• The task: Give the listing again in full and exactly, apart from its pictures.

• Information provided:

--------

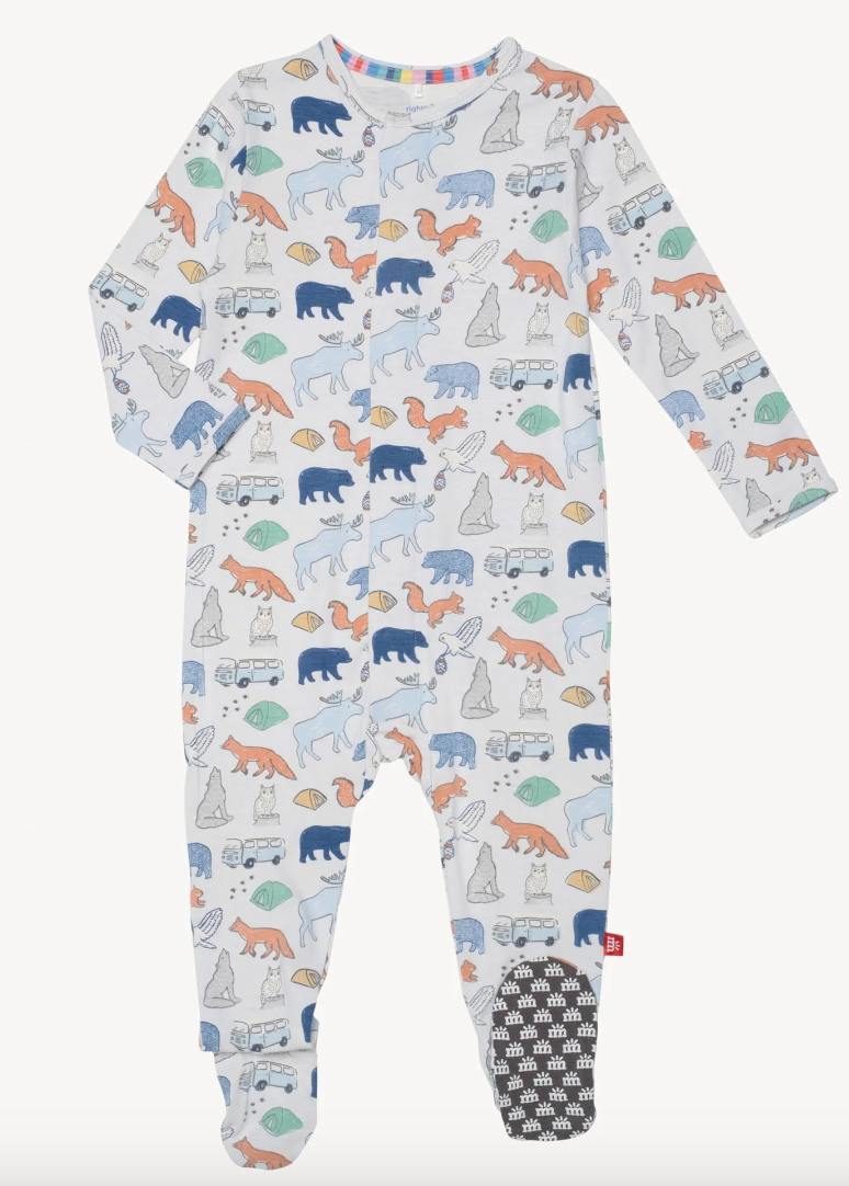 no more squeezing baby into annoying tight-fit footies—our patent-pending RightFit™ fabric gives baby room to wiggle with a loose-fitting footie that's naturally flame retardant without the use of toxic chemicals. Soft, magnetic + comfortable—get ready for this parent game changer. goodbye tight fit, hello RightFit™.
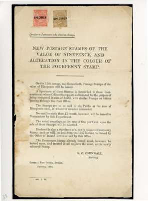 1862 (January) Postal Notice. Post Office circular for "new postage stamps of the value of ninepence, and alterations in the colour of the fourpenny stamp" bearing 4d. bright red and 9d. bistre (with wing margin) overprinted "specimen" type 6; there is a paper reinforcement behind the stamps and some light ageing. A good circular.
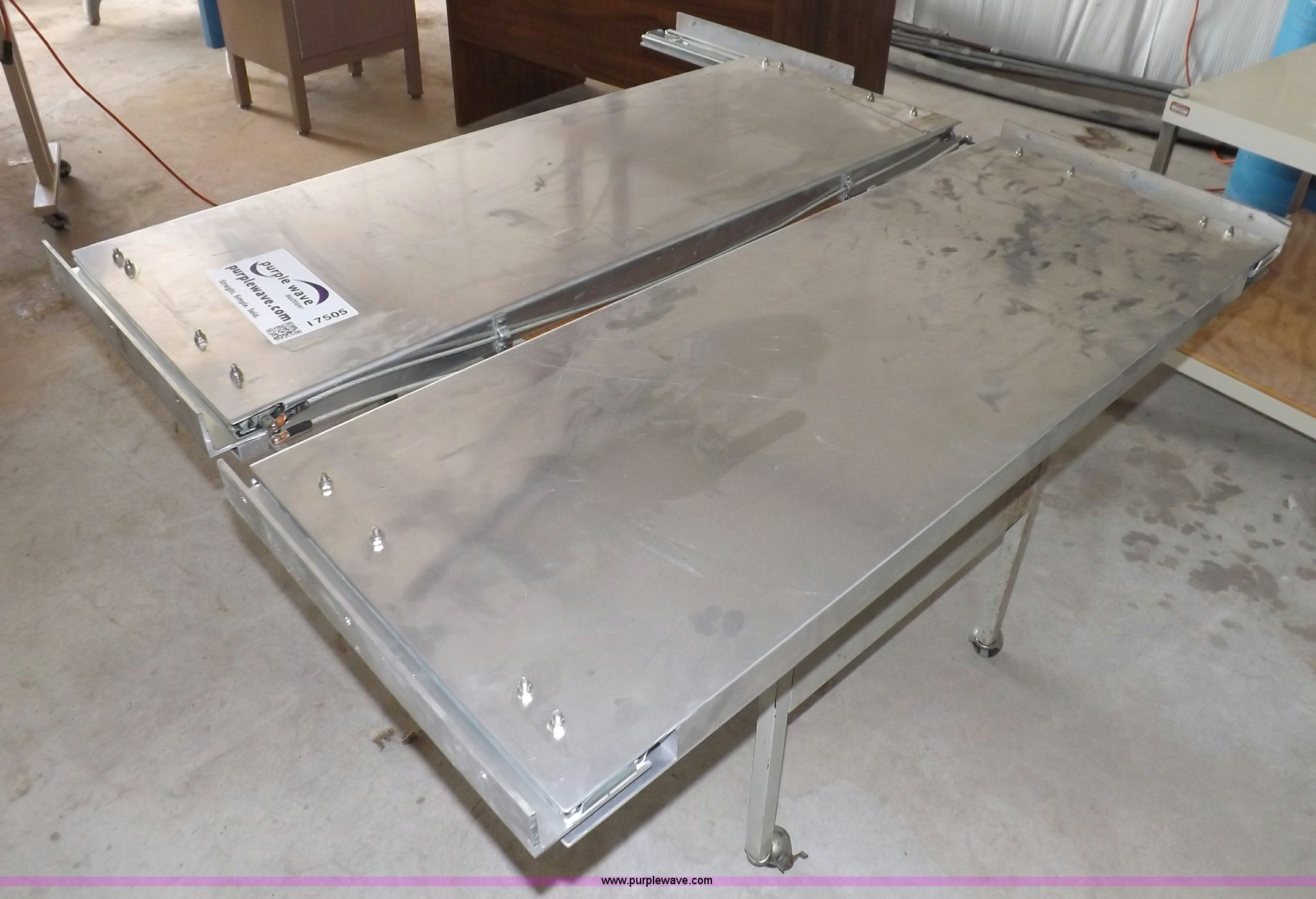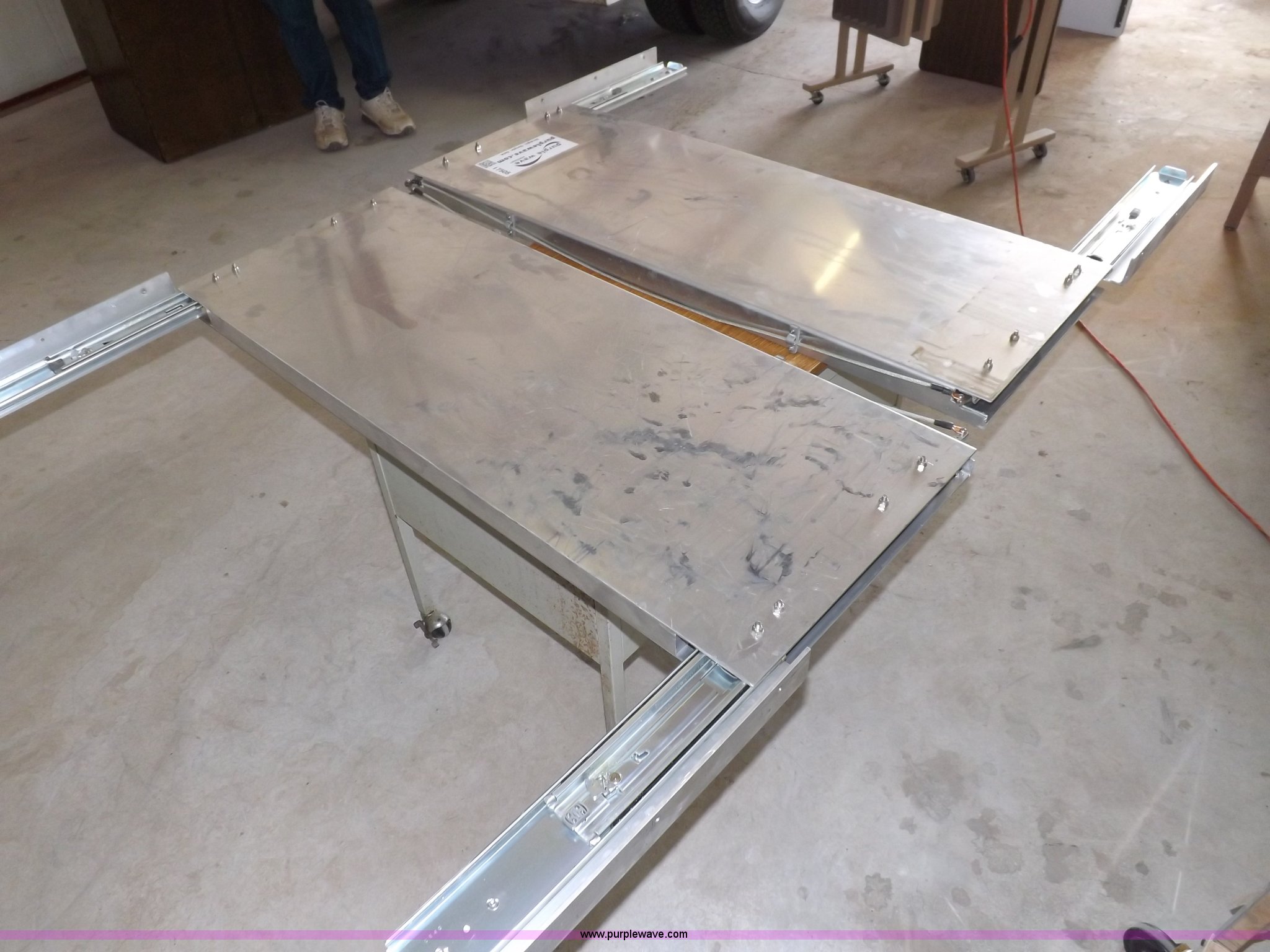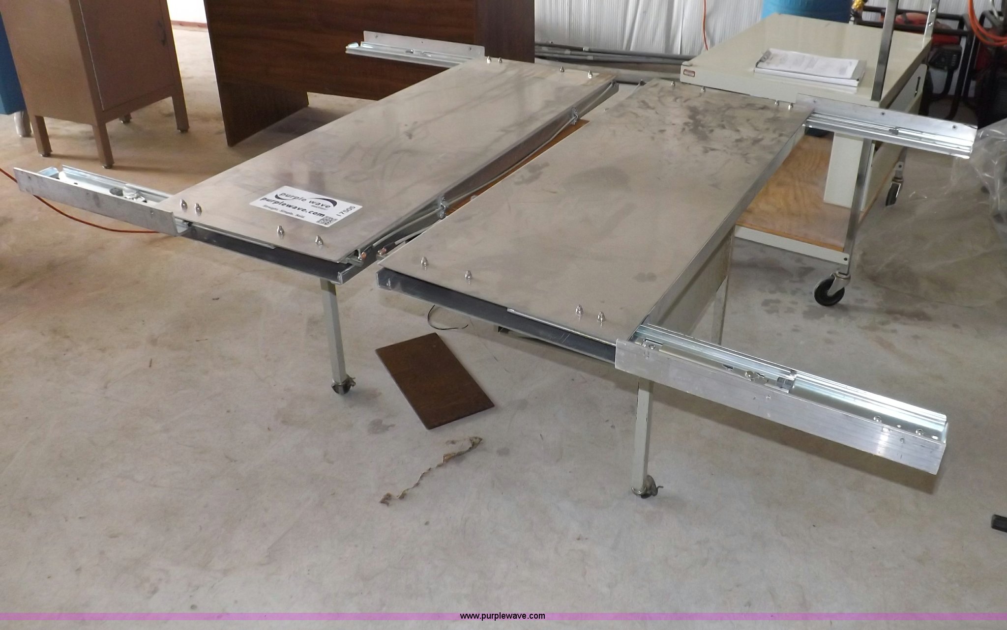 Purple Wave is selling a used Shelving and Storage in Kansas. This item is a (2) aluminum retractable shelf units with the following: 48"W x 18"D shelf, 50"W x 18"D mounting dimensions, Linkage needs repaired on one unit

--------

• Output of the task:
 no more squeezing baby into annoying tight-fit footies—our patent-pending RightFit™ fabric gives baby room to wiggle with a loose-fitting footie that's naturally flame retardant without the use of toxic chemicals. Soft, magnetic + comfortable—get ready for this parent game changer. goodbye tight fit, hello RightFit™.
 1862 (January) Postal Notice. Post Office circular for "new postage stamps of the value of ninepence, and alterations in the colour of the fourpenny stamp" bearing 4d. bright red and 9d. bistre (with wing margin) overprinted "specimen" type 6; there is a paper reinforcement behind the stamps and some light ageing. A good circular.
 Purple Wave is selling a used Shelving and Storage in Kansas. This item is a (2) aluminum retractable shelf units with the following: 48"W x 18"D shelf, 50"W x 18"D mounting dimensions, Linkage needs repaired on one unit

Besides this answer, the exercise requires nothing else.